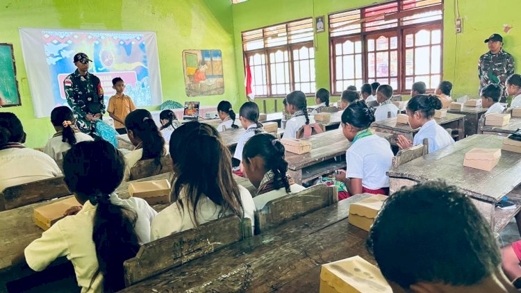 TTU, RedaksiDaerah.com - Satgas Pamtas RI-RDTL Sektor Barat Yonarhanud 2 Kostrad Pos Napan Bawah menggelar kegiatan Penyuluhan Pendidikan Wawasan Kebangsaan dan Bela Negara yang dilaksanakan di SD Katolik Tes, Desa Napan, Kecamatan Bikomi Utara, Kabupaten TTU, Senin (15/12/2025).
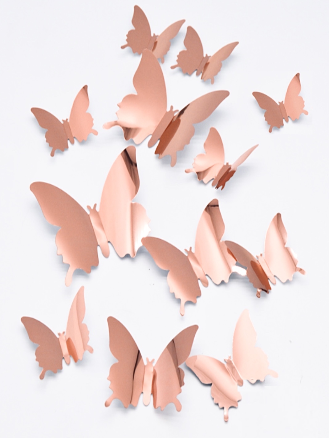 Набор зеркальных 3D бабочек 12 шт (розовое золото)
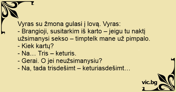 Vyras su žmona gulasi į lovą. Vyras:
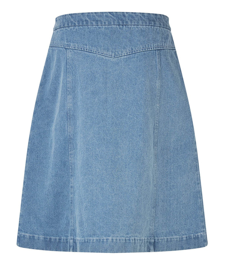description: A timeless classic that truly goes with everything: this beautiful A-shaped denim skirt in 'washed denim'. With buttons and two side pockets. You will love wearing this versatile quality piece again & again!
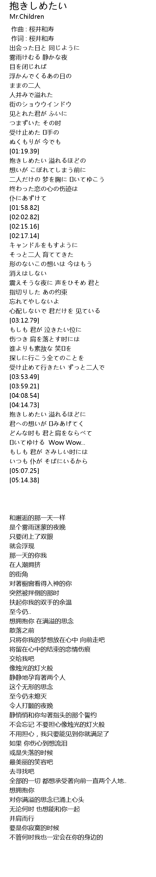| [04:20.68] | 抱きしめたい 溢れるほどに |
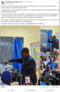 Alors que AES MEDIAS TV a fait cette publication ce 25 octobre à 11h32, le ministre Téné Birahima Ouattara, a assuré peu avant, à 10h02 sur Facebook, qu’il a voté à Kong, dans le Nord-Est du pays. « Je viens à l’instant d’accomplir, au bureau N°2 EPP BAD à Kong, mon devoir citoyen en prenant part au vote de ce samedi 25 octobre 2025 », a écrit le ministre.
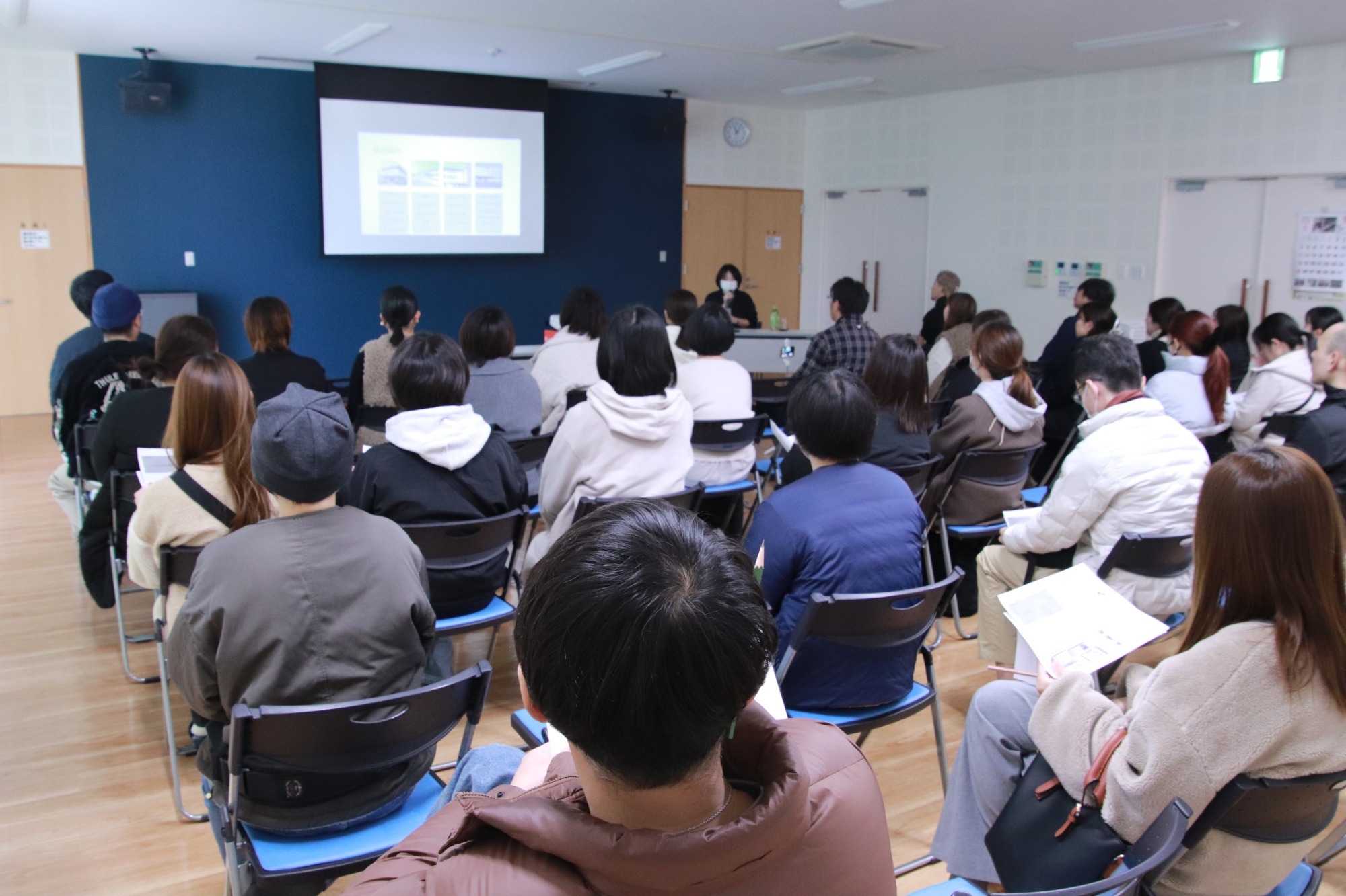 各クラスでの活動のあとは、言語聴覚士の髙山先生による子育て講演会がありました。日々の子ども達への関わりについてのお話を、皆さん熱心に聞いておられました。
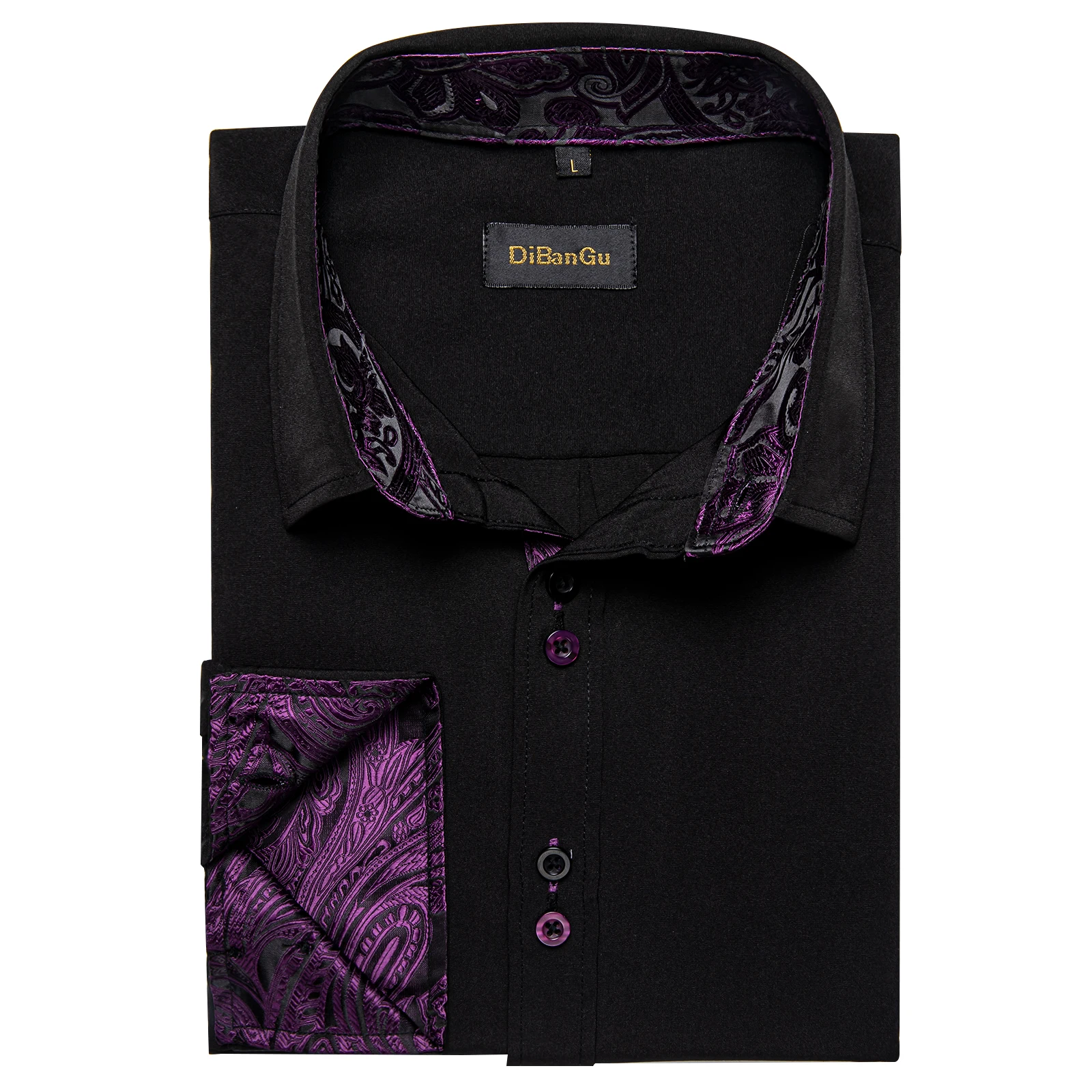 Men's Casual Long Sleeve Shirt with Inner Paisley Contrast Pattern Elegant Turn Down Collar Dress Shirt for Business Date Tops

+ + + +

■ TASK INSTRUCTIONS
Reproduce the listing above from the line that holds "抱きしめたい 溢れるほどに |" through the line that holds "各クラスでの活動のあとは、言", both included, with the pictures left out.

■ RESULT BELOW
| [04:20.68] | 抱きしめたい 溢れるほどに |
 Alors que AES MEDIAS TV a fait cette publication ce 25 octobre à 11h32, le ministre Téné Birahima Ouattara, a assuré peu avant, à 10h02 sur Facebook, qu’il a voté à Kong, dans le Nord-Est du pays. « Je viens à l’instant d’accomplir, au bureau N°2 EPP BAD à Kong, mon devoir citoyen en prenant part au vote de ce samedi 25 octobre 2025 », a écrit le ministre.
 各クラスでの活動のあとは、言語聴覚士の髙山先生による子育て講演会がありました。日々の子ども達への関わりについてのお話を、皆さん熱心に聞いておられました。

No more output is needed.